Pagando diárias de até US$ 30, turista conhece o dia-a-dia dos nativos e como eles se viram com baixos salários

Visitante decifra a ilha em casa de família

CACÁ MONTEIRO
FREE-LANCE PARA FOLHA

O modo mais prático de decifrar os segredos de Cuba é hospedar-se em uma casa de família. Viver "a la cubana", como dizem os moradores da ilha de Fidel, revela ao turista um lado que o governo se empenha em esconder.
Existem famílias cubanas que encontraram em suas próprias casas um meio de aumentar sua renda mensal, alugando quartos para estrangeiros a diárias bem mais baratas do que as praticadas por hotéis (de US$ 20 a US$ 30).
As casas estão todas registradas no governo. Isso proporciona maior segurança aos turistas e também permite à administração cobrar impostos -paga-se mensalmente US$ 200 de imposto por quarto à disposição dos turistas, independentemente de sua ocupação. Outra taxa, anual, é cobrada por cada turista recebido.
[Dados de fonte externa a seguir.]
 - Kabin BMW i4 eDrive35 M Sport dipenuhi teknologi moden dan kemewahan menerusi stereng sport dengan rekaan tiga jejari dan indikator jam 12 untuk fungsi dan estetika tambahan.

A aventura começa em achar uma "casa particular", pois não há um sistema de divulgação do serviço. A prática, embora prevista por lei, não é incentivada. Ao ligar para o consulado cubano em São Paulo, a informação é a de que turistas não podem se hospedar em casas de famílias, que estariam destinadas a estudantes. Além disso, para obter o visto, é necessário pagar a diária de um hotel adiantado e apresentar o recibo no consulado. A dica, então, é pagar um hotel para o primeiro dia e mudar-se depois para a casa.
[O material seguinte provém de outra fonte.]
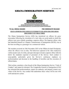 According to GIS, the officers’ conduct represents a clear breach of the Ghana Immigration Service Code of Conduct and is entirely unacceptable.
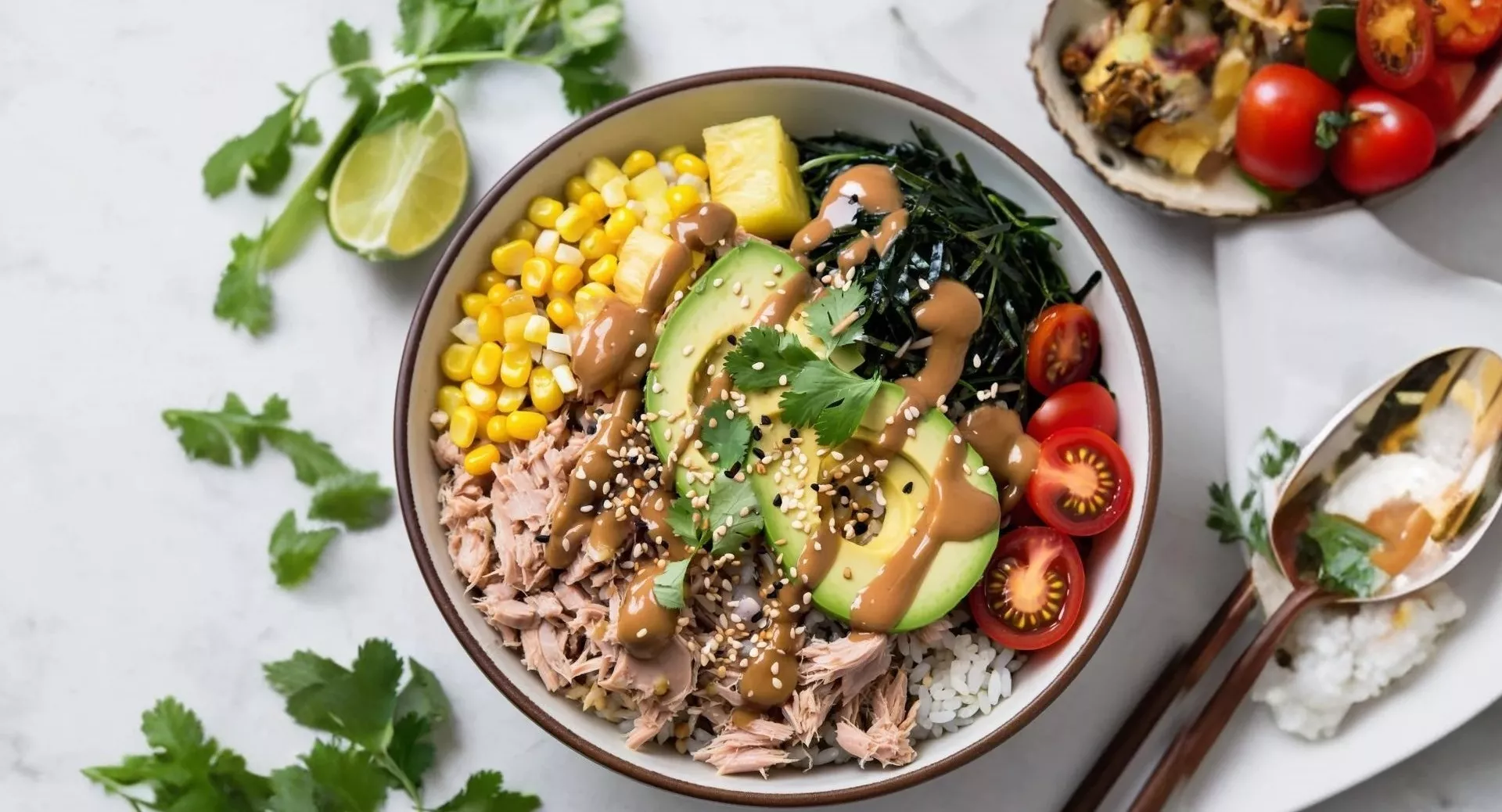 Инструкция. Авокадо нарежьте кубиками, ананас — на небольшие кусочки, черри — на половинки. На отваренный рис выложите начинку: кусочки тунца, салат из морских водорослей, авокадо, ананас, черри. Сверху покрошите зелень, полейте соусом и посыпьте кунжутом.

Estando no Brasil, a dica para encontrar uma casa de família em Cuba é consultar algum guia internacional e fazer a reserva, se você quiser conforto. Mas procurar uma casa, já estando em Cuba, é tarefa fácil: as casas registradas pelo governo exibem um triângulo azul e branco com os dizeres "arrendador inscripto". É só tocar a campainha e falar com o dono. É bom olhar o quarto e acertar o preço antes de se hospedar.
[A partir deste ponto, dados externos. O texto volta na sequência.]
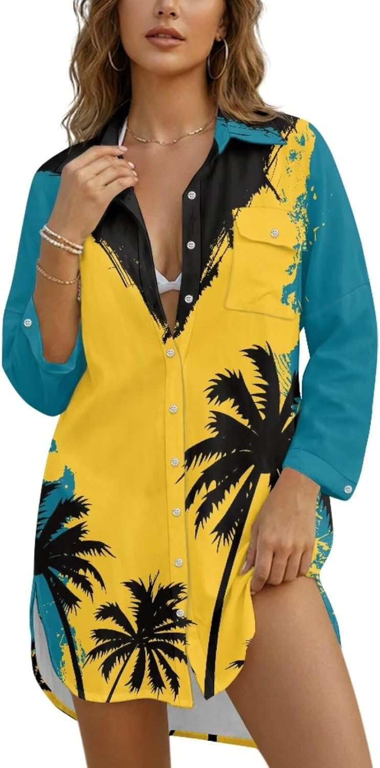 Embrace summer freedom with a shirt dress that goes wherever you do. Inspired by timeless button-down silhouettes, this long-sleeve shirt dress is designed with a relaxed yet flattering cut. The lapel collar frames the face beautifully, the chest pocket adds a touch of utility, and the curved hem creates a lengthening effect—every detail is crafted for effortless, vacation-ready style. We’ve chosen a lightweight fabric that feels soft against the skin and breathes easily in warm weather. The long sleeves offer thoughtful sun protection, making this piece as practical as it is pretty. Whether you’re sipping something chilled by the pool, exploring a coastal town, or simply enjoying a sunny day out, this dress keeps you cool and composed. But it’s not just for holidays. Throw it on over a tank top with sneakers or sandals, and it becomes that easy, go-to piece you’ll reach for again and again. Size Guide We offer seven sizes: S, M, L, XL, 2XL, 3XL. To ensure the best fit, please refer to our size chart before ordering, which includes detailed measurements for bust, length, and sleeve length. Note: Slight size deviations (1-2 cm) and color differences may occur due to manual measurements and screen display settings
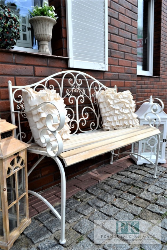 ŁAWKA KUTY METAL HOME & GARDEN Z DREWNIANYM SIEDZISKIEM W STYLU FRANCUSKIM , PROWANSALSKIM , SHABBY , LOFT.
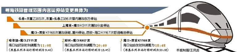 本报海口1月4日讯 (记者邵长春 通讯员李兰芳)记者从粤海铁路获悉:自2017年1月5日零时起,粤海铁路将实行新的旅客列车调整图,此次海南环岛高铁暂不调整。

Em Havana, pode-se achar um quarto amplo, com ar-condicionado, frigobar, TV, banheiro próprio, limpeza diária e café, na charmosa Havana Velha, por US$ 30. Já no decadente centro de Havana, pelo mesmo valor, encontram-se quartos pouco indicados.

Modo de vida
Uma vez encontrada a casa, chega o momento de realmente conhecer Cuba. Quase todas as famílias oferecem refeições típicas crioulas a preços baixos ou podem indicar saborosos "paladares" (restaurantes caseiros).
O modo de vida de cada cubano é por si só fascinante. Como eles são muito abertos, em alguns minutos você descobre como se viram para conseguir mais dinheiro do que o baixíssimo salário mensal, onde os nativos se divertem à noite, as crenças da santeria (religião de origem africana), como as jovens arrumam roupas importadas e ainda os mercados onde eles abastecem suas despensas, inclusive com as famosas lagostas -encontradas mesmo em temporada de pesca proibida.
Cada família é uma experiência única. Existem as que o levam a passeios em praias onde os cubanos podem entrar (que não têm nada a ver com as praias turísticas do Caribe) pelo prazer da companhia de um estrangeiro. Outros o fazem em troca de uns dólares. E existem ainda os que passam as tardes em frente à televisão, assistindo a programas de propaganda política e reclamando do regime.
Há os que contam que foram para a prisão quando, em 1994, foram capturados tentando fugir em grandes câmaras de pneu de trator, durante o êxodo dos balseiros. Muitos falam de parentes exilados nos EUA, enquanto outros, em geral os mais velhos, narram como a revolução lhes deu melhores condições de vida.
Pode-se até encontrar um marinheiro nostálgico, olhando o mar sentado no muro do Malecón, pensando nos amores que teve no Rio quando trabalhava no mar.
Enfim, além de ser mais econômico, viver "a la cubana" é essencial para quem quer descobrir o que há além dos mojitos, da salsa e das praias paradisíacas de Cuba.